There are various structures of turbochargers with rotating electric machines. Among these, for example, JP-A-51-106
No. 816, Japanese Unexamined Patent Publication No. 63-248920, etc., a rotating shaft directly connecting a turbine and each impeller of a compressor is supported by at least two bearings, and a rotor of a rotating electrical machine on the rotating shaft is It is located between the bearings.

However, with this method, the housing that houses the rotating electric machine (
The inner diameter of both ends of the housing is reduced because both ends of the rotating electrical equipment chamber serve as bearings. As a result, the inner diameter of both ends of the housing is smaller than the outer diameter of the rotor, and the rotor cannot be inserted into the housing from one end, requiring measures such as splitting the housing to incorporate it, making the assembly process complicated. There was a problem in terms of productivity.

Therefore, as disclosed in JP-A-62-254649, JP-A-63-302136, JP-A-64-45922, and U.S. Pat. No. 4,253,031, between the turbine and the compressor, A bearing part that supports the rotating shaft of the turbine impeller or compressor impeller and a rotating electrical equipment room are arranged adjacent to each other, and the rotating shaft is inserted through the bearing part and the rotating electrical equipment room, and the part of the rotating shaft that protrudes from the bearing part is inserted into the rotating electrical equipment room. A method is used in which the rotor of a rotating electrical machine is mounted in an overhanging state.

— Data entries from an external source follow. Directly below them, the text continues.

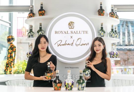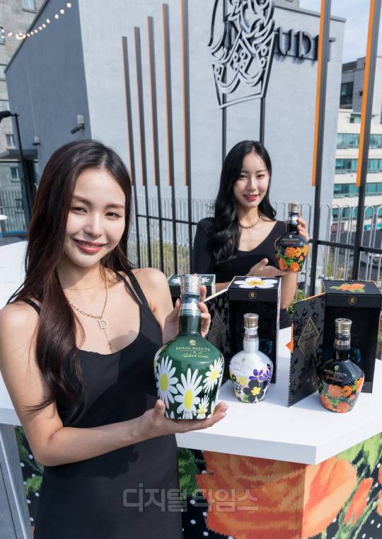 4일 서울 종로구 누디트 익선에서 모델들이 전세계 최초 공개되는 '로얄살루트 21년 리차드 퀸 에디션 2'를 선보이고 있다.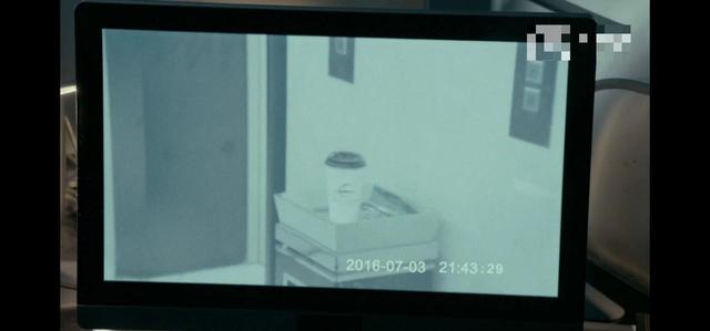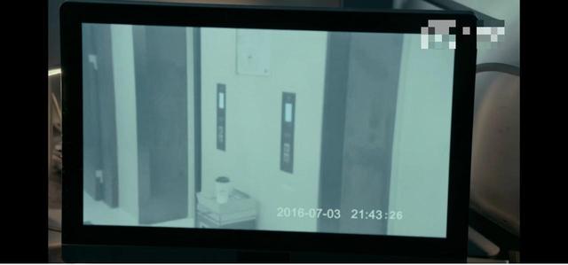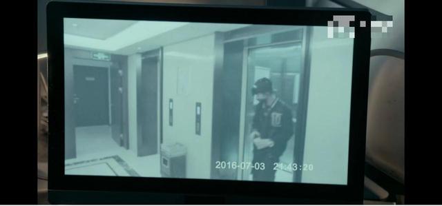 监控器里A从电梯里走了出来手里拿着什么,放在了电梯门口的垃圾桶上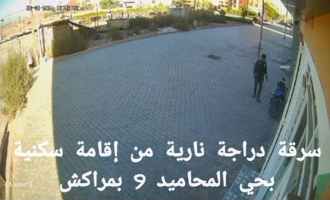 بالفيديو: سرقة دراجة نارية من داخل إقامة سكنية بحي المحاميد بمراكش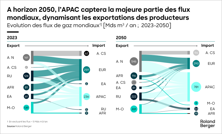 Les scénarios de référence anticipent une consommation mondiale de gaz fossile entre ~2500 Mds m³ / an en 2050² et ~5400 Mds m³ / an³) représentant respectivement une baisse de -1,9% et une hausse de +1,0% p.a. de la consommation de gaz fossile depuis 2023.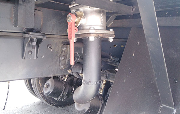4、該車右側(cè)安裝卸魚(yú)口,卸魚(yú)口采用環(huán)布防止卸卸魚(yú)時(shí)對(duì)魚(yú)有劃傷,卸魚(yú)時(shí)有專門(mén)的閥門(mén)控制。減輕勞動(dòng)強(qiáng)度,提升裝卸效率。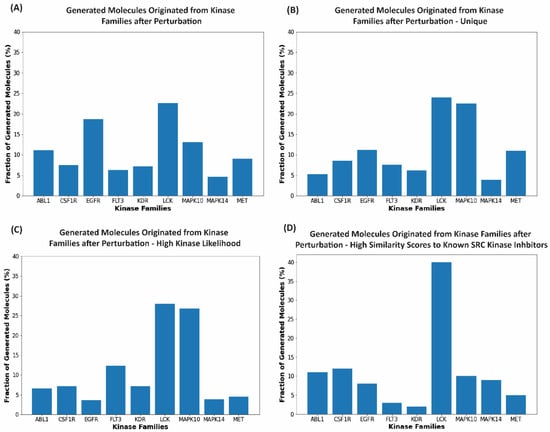 Analyses of the generated molecules. The histograms represent the fraction of the generated valid molecules with respect to the originated kinase inhibitor families. The horizontal axes represent the kinase inhibitor families from where the transformed output originated from. The vertical axes represent the percentage of molecules for each family from the set of molecules generated after each stage of evaluation. (A) The percentage of the generated molecules from each family after the initial perturbation experiment. (B) The percentage of the generated molecules from each family after removing the duplicate molecules. Due to the stochastic nature of the variational autoencoder, there are some molecules that are produced multiple times. (C) The percentage of generated molecules from each family that feature kinase inhibition likelihood probability score > 0.75. (D) The percentage of molecules from each family with the high kinase inhibition likelihood probability score and high similarity scores to the known SRC kinase inhibitors. The generated molecules considered in this analysis are in the top one hundred molecules of the high Tanimoto similarity [] scores (>0.6) to the known SRC kinase inhibitors.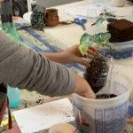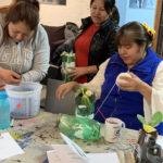 Axel comenzó su explicación de los distintos tipos de cultivo hidropónico, y cuáles son las plantas que se pueden crecer con este sistema. Las mujeres comenzaron remojando la fibra de coco, cortando la botella de plástico, y creando el plantero, con su manguera, agregando una cuerda para colgarlo en el plantero comunitario. Veronica recordó los tes que su abuelita le daba para el dolor de estómago, con hierbas de su jardin. No hacia falta ir a la farmacia, siempre habia algún curandero en la familia que sabías que plantas y cómo usarlas para curar.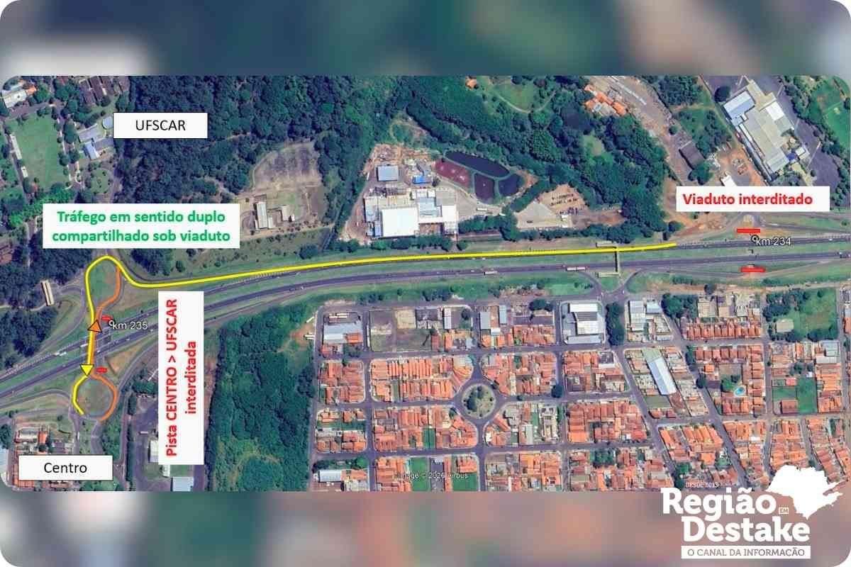Já no viaduto da Vila Brasília/Country Club, haverá fechamento total da estrutura até sexta-feira (6), exclusivamente no período diurno. A interdição ocorre para a implantação de um passeio metálico. Como rota alternativa, os motoristas deverão utilizar o dispositivo do quilômetro 235, na região da Universidade Federal de São Carlos (UFSCar), que funcionará temporariamente em mão dupla sob o viaduto, com uma faixa por sentido.

This overhang method eliminates the need to narrow down one end of the housing that becomes the rotating electrical equipment room, so after passing the rotating shaft with the turbine impeller through the housing, the rotor of the single-turn machine and its accessories are inserted through the opening at one end of the housing near the compressor. Since the parts and the compressor impeller can be inserted into the rotating shaft in sequence, assembly can be simplified. However, there were some points that could be improved as follows.

[Problem to be solved by the invention]

Lubricating oil is supplied to the bearing that supports the rotating shaft of the turbocharger to prevent seizure of the bearing. In the conventional overhang system, a shaft seal was installed between the bearing and the rotating electrical equipment room to prevent this lubricating oil from entering the rotating electrical equipment room adjacent to the bearing and the compressor room next to it. .

According to such a shaft seal arrangement structure, the distance between the rotor of the rotating electrical machine and the bearing portion becomes longer due to the presence of the shaft seal, and the amount of overhang cannot be reduced. As a result, the load on the bearing section increases. Furthermore, the larger the overhang, the greater the swing and bending of the rotating shaft, and the greater the displacement of the compressor impeller at one end of the rotating shaft.

Therefore, the clearance between the compressor impeller and its case must be increased, which becomes a negative factor in compressor efficiency.

Furthermore, this type of rotating electric machine is subject to the thermal influence of the engine room and the turbine, and the magnets are likely to be demagnetized by the heat, resulting in a decrease in output, so it is desirable to cool the machine. Conventional cooling structures include providing holes in the compressor impeller to guide cooling air toward the rotating electrical equipment room, as in U.S. Patent No. 4,253,031.
There is a risk that the strength of the compressor impeller and compressor efficiency will decrease.

The present invention has been made in view of the above points, and its purpose is to reduce or eliminate the overhang of the rotating electric machine while simplifying assembly, and to supply the material to the bearing section. It is an object of the present invention to provide a rational turbocharger with a rotating electric machine in which the lubricating oil can be used for cooling the rotating electric machine.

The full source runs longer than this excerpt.